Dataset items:
——————————

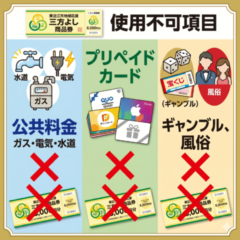 国の規定や商品券のルールにより、以下の支払いにはご利用いただけません。
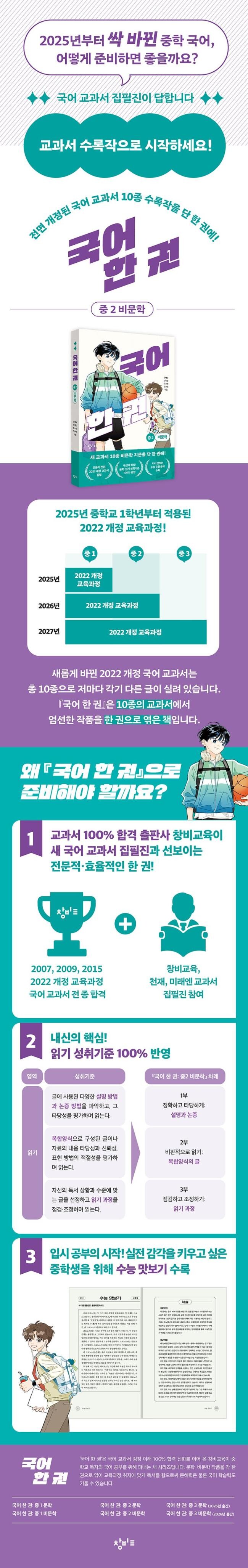 2025년, 교과서가 바뀌었다. 중 1부터 2022 개정 교육과정에 따라 새로 편찬된 교과서로 공부하게 된 것이다. 2026년에는 중 2가 새 교과서로 공부한다. 바뀐 학습 환경 속에서 학습에 대한 부담이 점차 커져 가는 중학교 2학년 학생과 학부모에게 개정 교과서는 또 다른 걱정이 아닐 수 없다. 이에 검정 교과서 100% 합격 신화를 이어 온 국어 교육 전문 출판사 창비교육이 중학생들의 손쉬운 중학 국어 준비를 돕고자 ‘국어 한 권’을 선보인다.
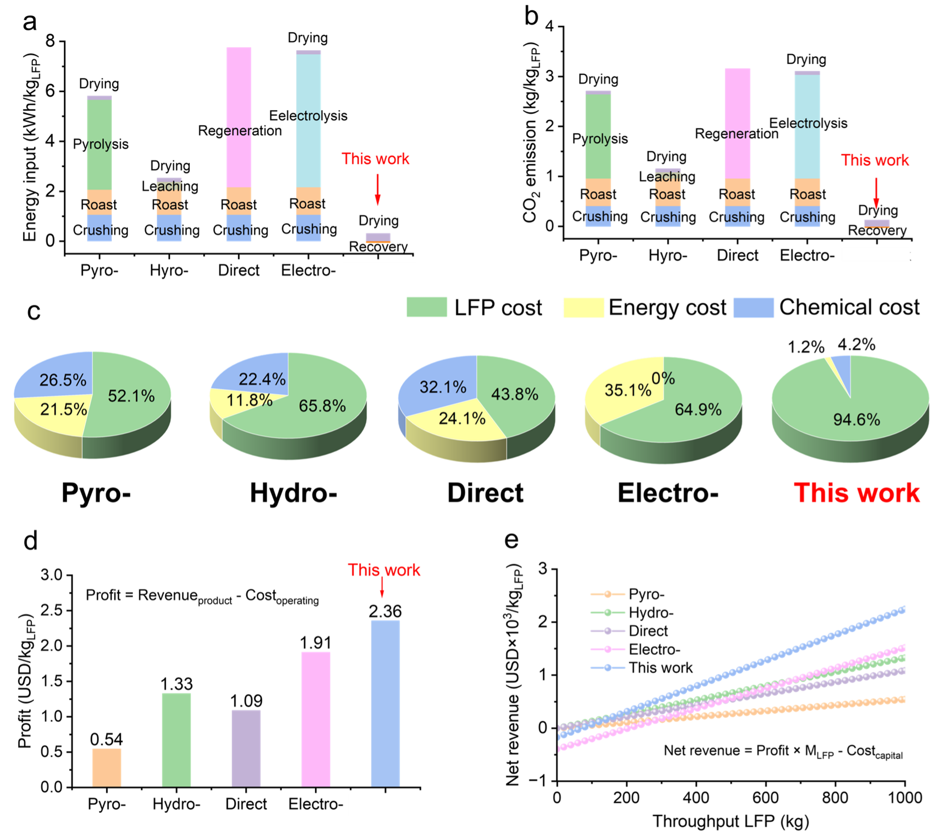 作者分析了所提出的回收策略与传统回收策略在经济和环保等方面的优劣势。针对电池回收工艺中各个主要回收步骤的能耗、二氧化碳排放以及成本收益进行系统性的核算后显示,所提出的回收工艺在能耗和二氧化碳排放量上远远低于目前主流的回收策略,表明该策略在绿色可持续经济上具有绝对的领先优势。对成本收益计算结果分析,表明所提出的策略也是优于其它四种传统回收策略。
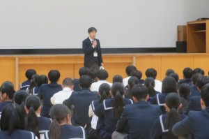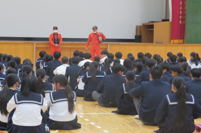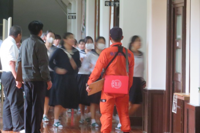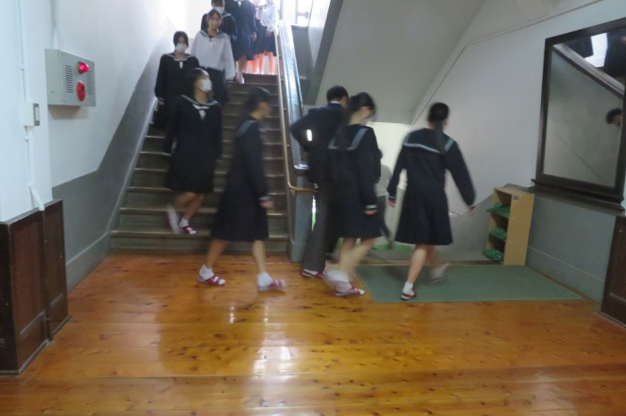 体育館に避難しました。教頭先生から日頃から危機意識を持つことの大切さについて話がありました。
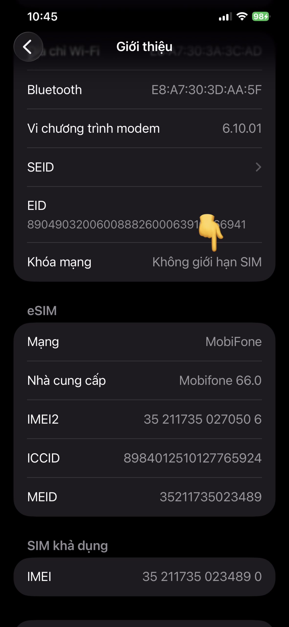 ⚠️ Nếu hiện dòng chữ “SIM bị khóa” (SIM locked): Đây chắc chắn là iPhone Lock.
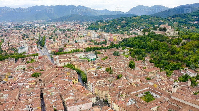Брешиа, Италия. Центральная часть города. С высоты птичьего полета. Лето
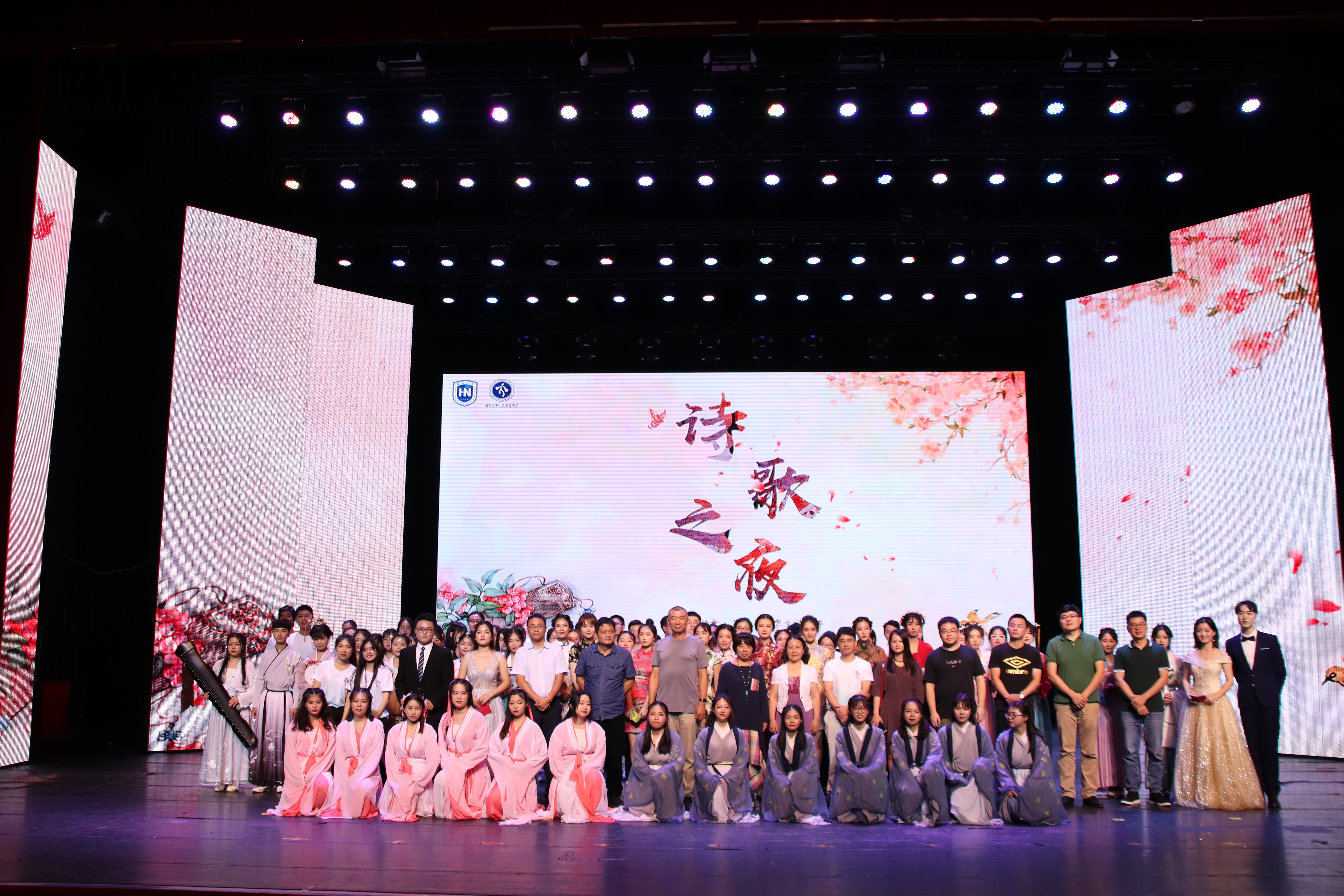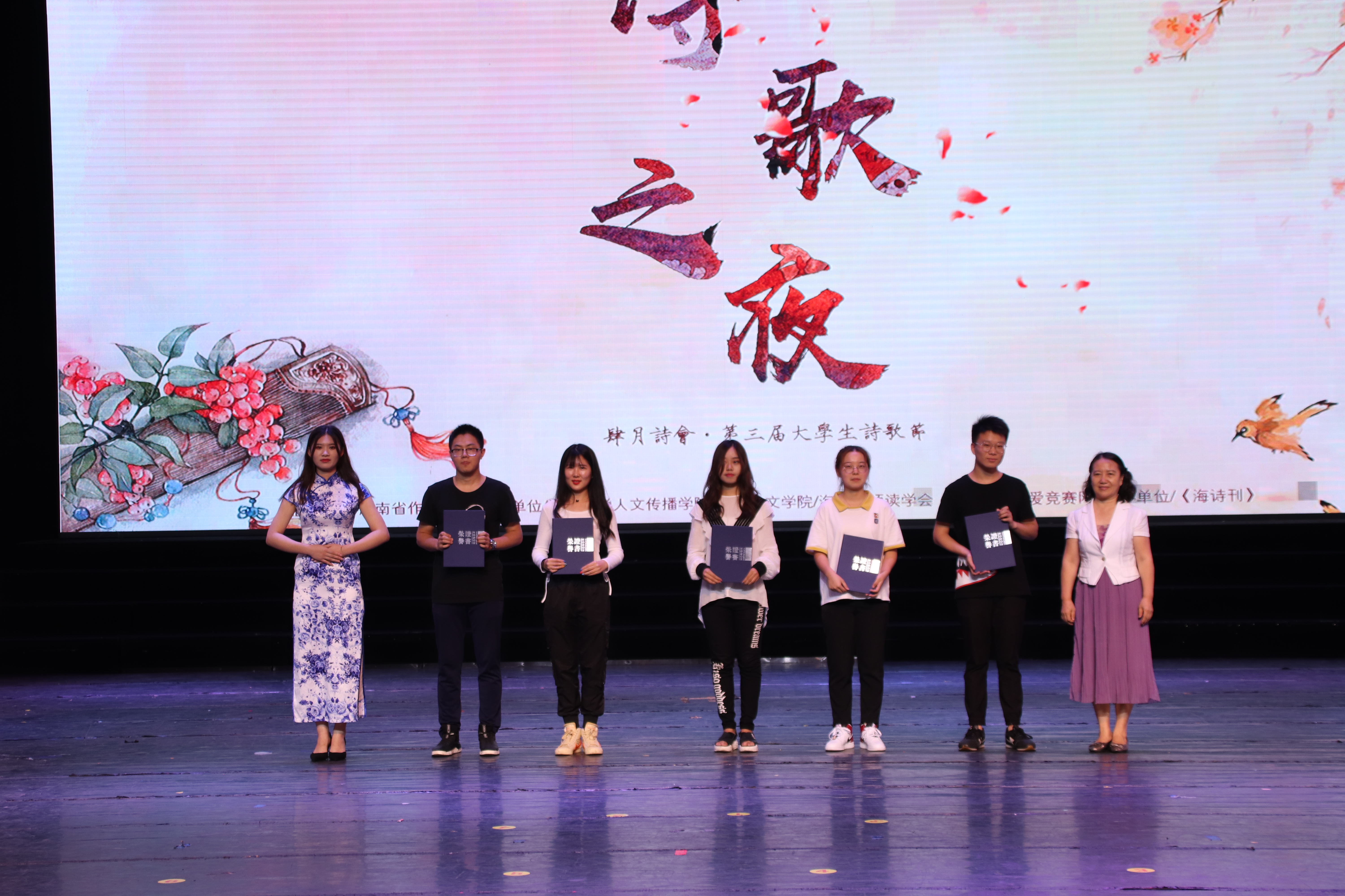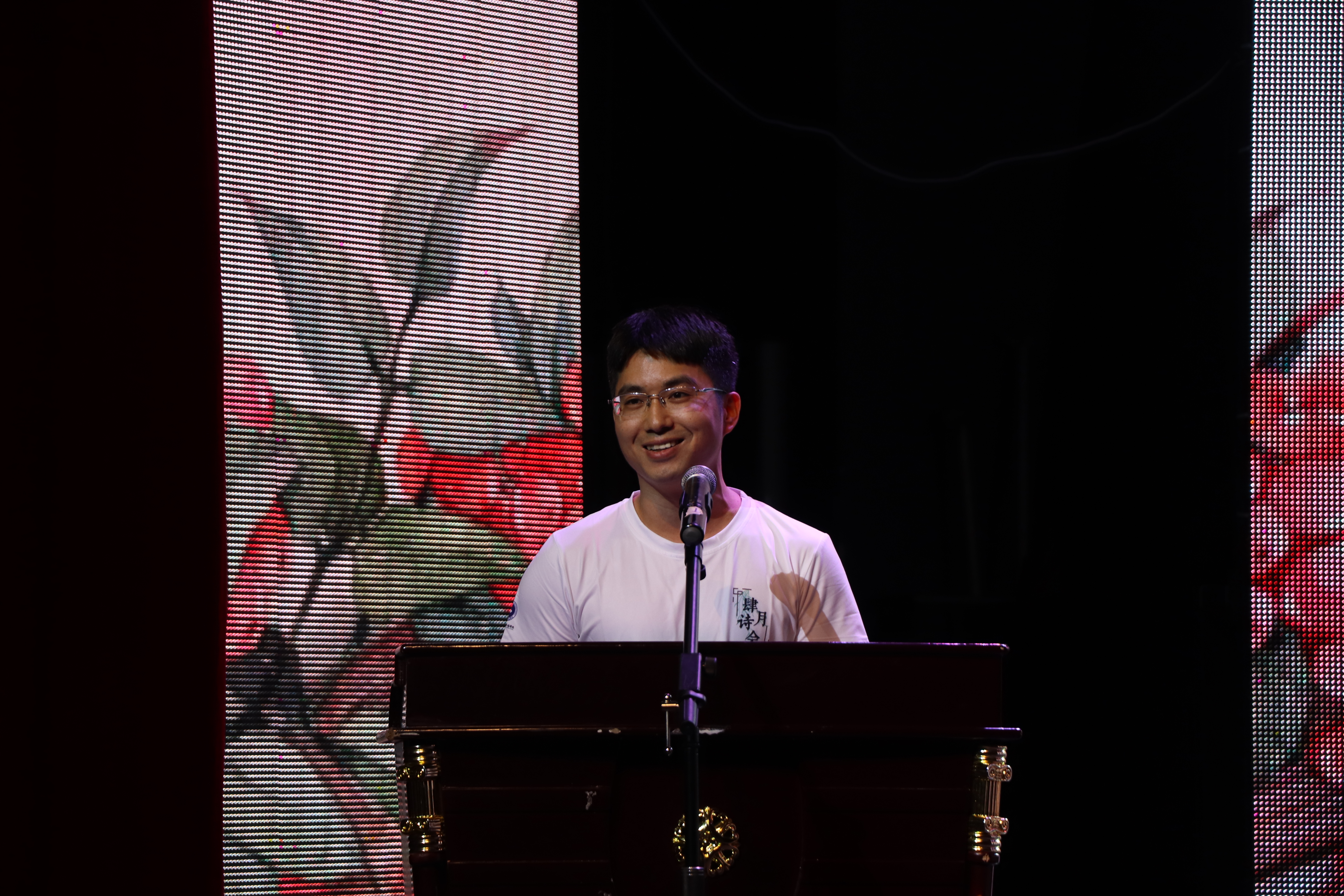 2019年5月11日晚,四月诗会?第三届全国老员工诗歌节闭幕式暨“渺渺诗沧海,烟雨意清风”诗歌之夜在bevictor1946韦德官网思源学堂隆重举行。海南省作家协会副主席、海南省文艺评论家协会副主席江非,海南省颂读协会秘书长巨东,bevictor1946韦德官网人文传播公司党委负责人邱华祥,bevictor1946韦德官网人文传播公司党委副书记孙晓媛,人文传播公司副经理张硕果,人文传播公司中文系教授仲冬梅老师,人文传播公司学工办老师,以及各主办单位的领导嘉宾莅临晚会现场。
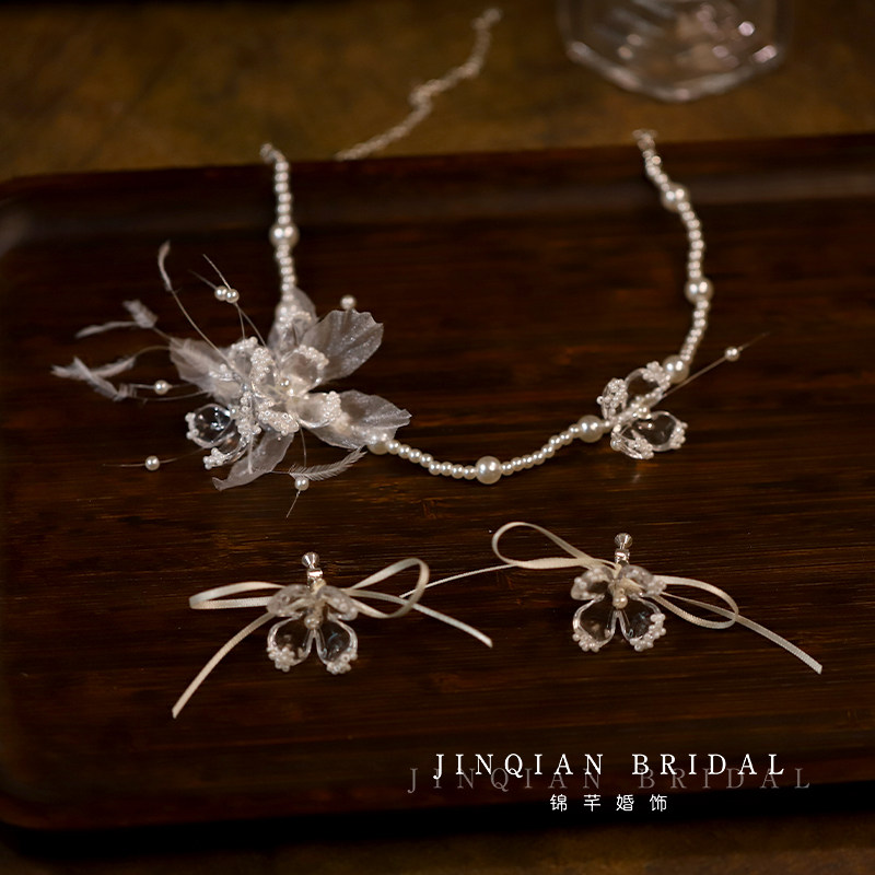 超仙凝胶花朵新娘项链耳环耳夹耳饰结婚纱晚礼服晨袍森系甜美配饰
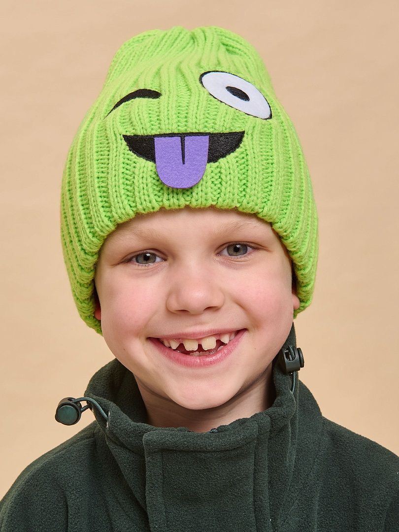 Состав: 100%акрил, подклад: 100%акрил Теплая детская шапка для мальчика. Вязанная шапка на подкладе из акрила, цвет и принт имитируют смайл для настроения парня, комфортно сидит на голове, надежно держится, но не передавливает по окружности, не сдавливает уши, не съезжает на глаза полностью защищая от холода и ветра. Демисезон, для осени, для зимы. Яркий и стильный головной убор для ребенка станет настоящим подарком для юных модников и зарядит хорошим настроением. Вы удивитесь, такая верхняя одежда для детей станет настоящей игрой, дети с удовольствием будут надевать ее сами. Гардероб ребенка не должен быть скучным. Модная зимняя утепленная шапочка для мальчиков, мягкая, в ней весело ходить в сад и в школу, на долгие прогулки. Качественный и приятный на ощупь материал подарит тактильное удовольствие при касании.
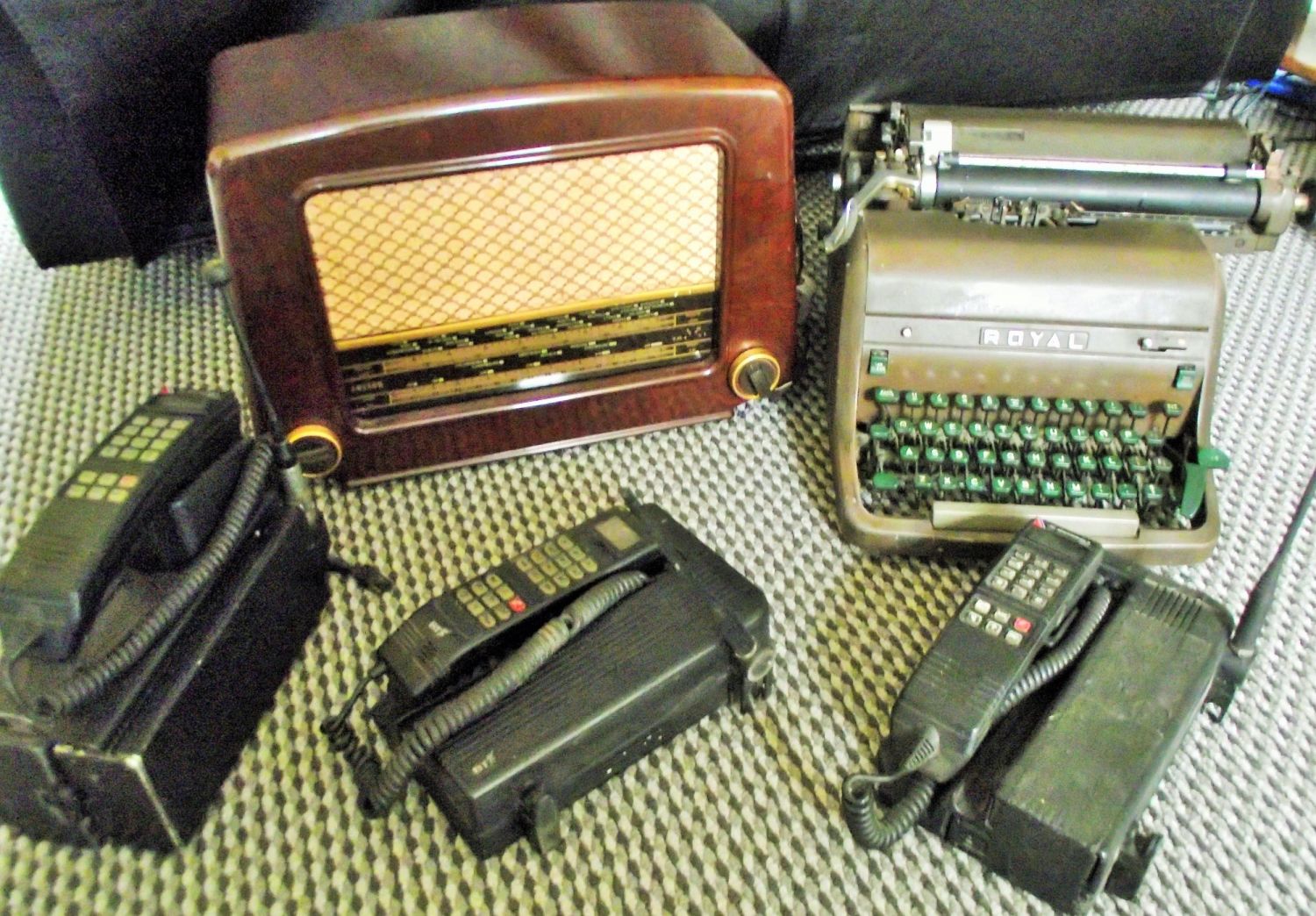 Mixed lot inc. 2x Vintage Collectable Motorola 4800X Cellular Mobile Phones 1980s+ 1 other BT cellular phone + vintage 1955 Cossor radio + Vintage Royal typewriter

——————————

- What is expected -
Return the records above in their entirety, word for word, with the pictures removed.

- Reply to the exercise -
 国の規定や商品券のルールにより、以下の支払いにはご利用いただけません。
 2025년, 교과서가 바뀌었다. 중 1부터 2022 개정 교육과정에 따라 새로 편찬된 교과서로 공부하게 된 것이다. 2026년에는 중 2가 새 교과서로 공부한다. 바뀐 학습 환경 속에서 학습에 대한 부담이 점차 커져 가는 중학교 2학년 학생과 학부모에게 개정 교과서는 또 다른 걱정이 아닐 수 없다. 이에 검정 교과서 100% 합격 신화를 이어 온 국어 교육 전문 출판사 창비교육이 중학생들의 손쉬운 중학 국어 준비를 돕고자 ‘국어 한 권’을 선보인다.
 作者分析了所提出的回收策略与传统回收策略在经济和环保等方面的优劣势。针对电池回收工艺中各个主要回收步骤的能耗、二氧化碳排放以及成本收益进行系统性的核算后显示,所提出的回收工艺在能耗和二氧化碳排放量上远远低于目前主流的回收策略,表明该策略在绿色可持续经济上具有绝对的领先优势。对成本收益计算结果分析,表明所提出的策略也是优于其它四种传统回收策略。
 体育館に避難しました。教頭先生から日頃から危機意識を持つことの大切さについて話がありました。
 ⚠️ Nếu hiện dòng chữ “SIM bị khóa” (SIM locked): Đây chắc chắn là iPhone Lock.
Брешиа, Италия. Центральная часть города. С высоты птичьего полета. Лето
 2019年5月11日晚,四月诗会?第三届全国老员工诗歌节闭幕式暨“渺渺诗沧海,烟雨意清风”诗歌之夜在bevictor1946韦德官网思源学堂隆重举行。海南省作家协会副主席、海南省文艺评论家协会副主席江非,海南省颂读协会秘书长巨东,bevictor1946韦德官网人文传播公司党委负责人邱华祥,bevictor1946韦德官网人文传播公司党委副书记孙晓媛,人文传播公司副经理张硕果,人文传播公司中文系教授仲冬梅老师,人文传播公司学工办老师,以及各主办单位的领导嘉宾莅临晚会现场。
 超仙凝胶花朵新娘项链耳环耳夹耳饰结婚纱晚礼服晨袍森系甜美配饰
 Состав: 100%акрил, подклад: 100%акрил Теплая детская шапка для мальчика. Вязанная шапка на подкладе из акрила, цвет и принт имитируют смайл для настроения парня, комфортно сидит на голове, надежно держится, но не передавливает по окружности, не сдавливает уши, не съезжает на глаза полностью защищая от холода и ветра. Демисезон, для осени, для зимы. Яркий и стильный головной убор для ребенка станет настоящим подарком для юных модников и зарядит хорошим настроением. Вы удивитесь, такая верхняя одежда для детей станет настоящей игрой, дети с удовольствием будут надевать ее сами. Гардероб ребенка не должен быть скучным. Модная зимняя утепленная шапочка для мальчиков, мягкая, в ней весело ходить в сад и в школу, на долгие прогулки. Качественный и приятный на ощупь материал подарит тактильное удовольствие при касании.
 Mixed lot inc. 2x Vintage Collectable Motorola 4800X Cellular Mobile Phones 1980s+ 1 other BT cellular phone + vintage 1955 Cossor radio + Vintage Royal typewriter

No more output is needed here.